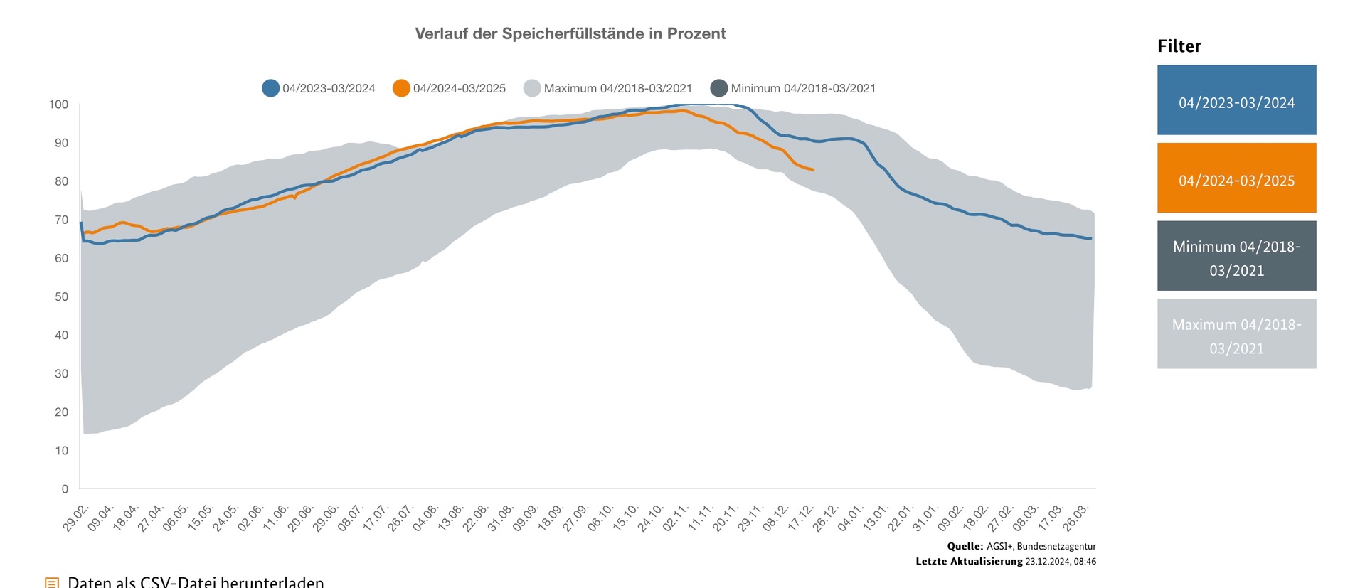 Zur Erinnerung, wenn im Januar nix mehr aus RU kommt, kann es ganz schnell gehen, da D verpflichtet ist, halb Europa mit seinem Gasnetz und seinen Reserven zu beglücken.
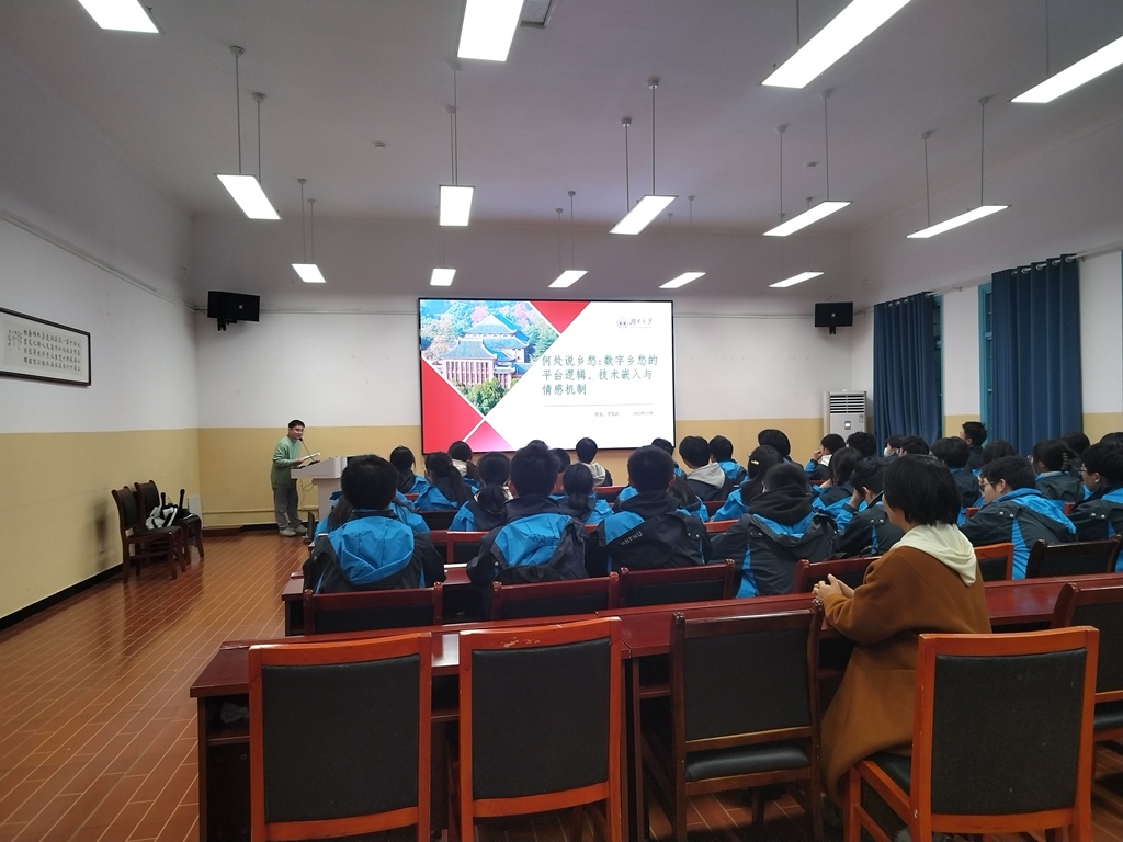 12月7号晚,教师口语教研室范双武博士为我院学生作了一堂题为《何处说乡愁-数字乡愁的平台逻辑、技术嵌入与情感机制》的学术讲座。
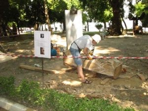 Bu yıl 24. sü düzenlenen Uluslararası Değirmendere Zühtü Müridoğlu Ahşap Heykel Sempozyumu’nda 3 yabancı,3 yerli sanatçı eserlerini çıkarmak için Değirmendere Çınarlık Meydanında kendilerine ayrılan bölümde çalışmalarını devam ediyorlar. Büyük bir titizlikle eserlerini hazırlayan sanatçılar 28 Temmuz’da yapılacak olan kapanış sergine yetiştirmek için çalışıyorlar.
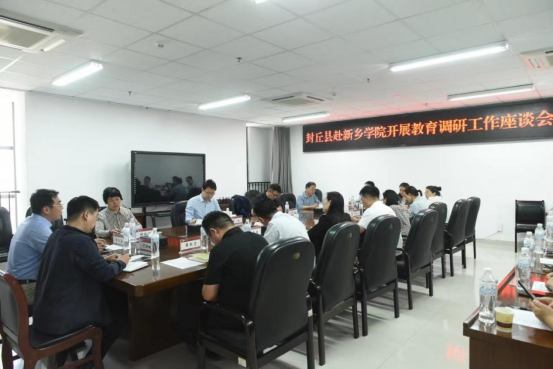 随后,校地双方进行教育帮扶座谈。杨钧、教务处、招生就业处、团委、后勤管理处、教育科学学院、继续教育学院、附属中学、国家语言文字推广基地办公室、大学生心理健康指导中心负责人、太阳集团与封丘县校地结对帮扶工作队参加了会议。会议由党委组织部副部长毛阳南主持。
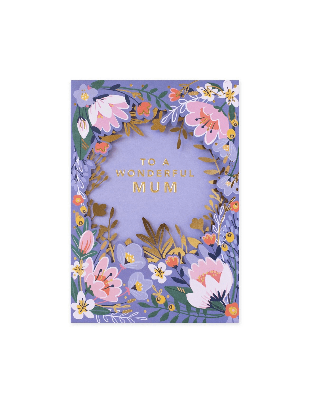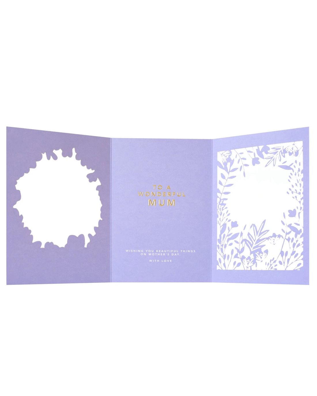 • The inside of the card features gold foil highlights and the message 'TO A WONDERFUL MUM WISHING YOU BEAUTIFUL THINGS ON MOTHER'S DAY. WITH LOVE'
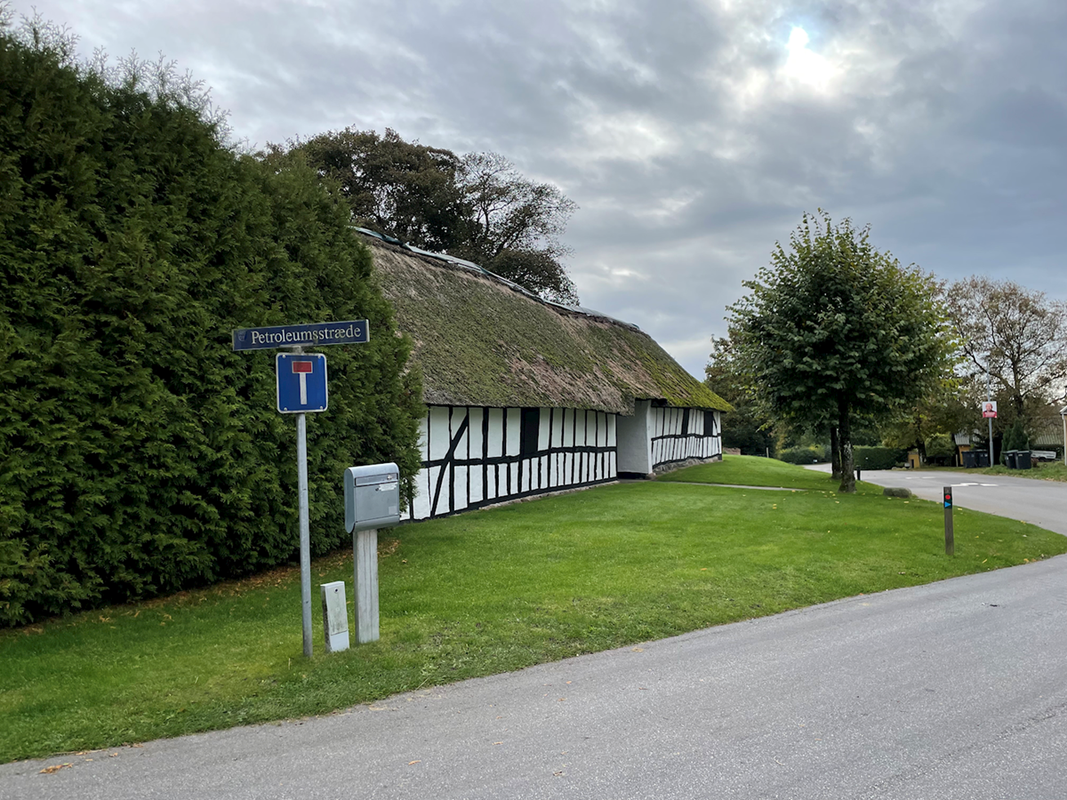 Billedet viser petroleumsstræde i Træden, som fortsat er grusbelagt.
= = = = = = =
* **REQUIRED WORK**: Pictures in the listing above must be skipped; everything else should be copied exactly.

* **ANSWER TO THE EXERCISE**:
 Zur Erinnerung, wenn im Januar nix mehr aus RU kommt, kann es ganz schnell gehen, da D verpflichtet ist, halb Europa mit seinem Gasnetz und seinen Reserven zu beglücken.
 12月7号晚,教师口语教研室范双武博士为我院学生作了一堂题为《何处说乡愁-数字乡愁的平台逻辑、技术嵌入与情感机制》的学术讲座。
 Bu yıl 24. sü düzenlenen Uluslararası Değirmendere Zühtü Müridoğlu Ahşap Heykel Sempozyumu’nda 3 yabancı,3 yerli sanatçı eserlerini çıkarmak için Değirmendere Çınarlık Meydanında kendilerine ayrılan bölümde çalışmalarını devam ediyorlar. Büyük bir titizlikle eserlerini hazırlayan sanatçılar 28 Temmuz’da yapılacak olan kapanış sergine yetiştirmek için çalışıyorlar.
 随后,校地双方进行教育帮扶座谈。杨钧、教务处、招生就业处、团委、后勤管理处、教育科学学院、继续教育学院、附属中学、国家语言文字推广基地办公室、大学生心理健康指导中心负责人、太阳集团与封丘县校地结对帮扶工作队参加了会议。会议由党委组织部副部长毛阳南主持。
 • The inside of the card features gold foil highlights and the message 'TO A WONDERFUL MUM WISHING YOU BEAUTIFUL THINGS ON MOTHER'S DAY. WITH LOVE'
 Billedet viser petroleumsstræde i Træden, som fortsat er grusbelagt.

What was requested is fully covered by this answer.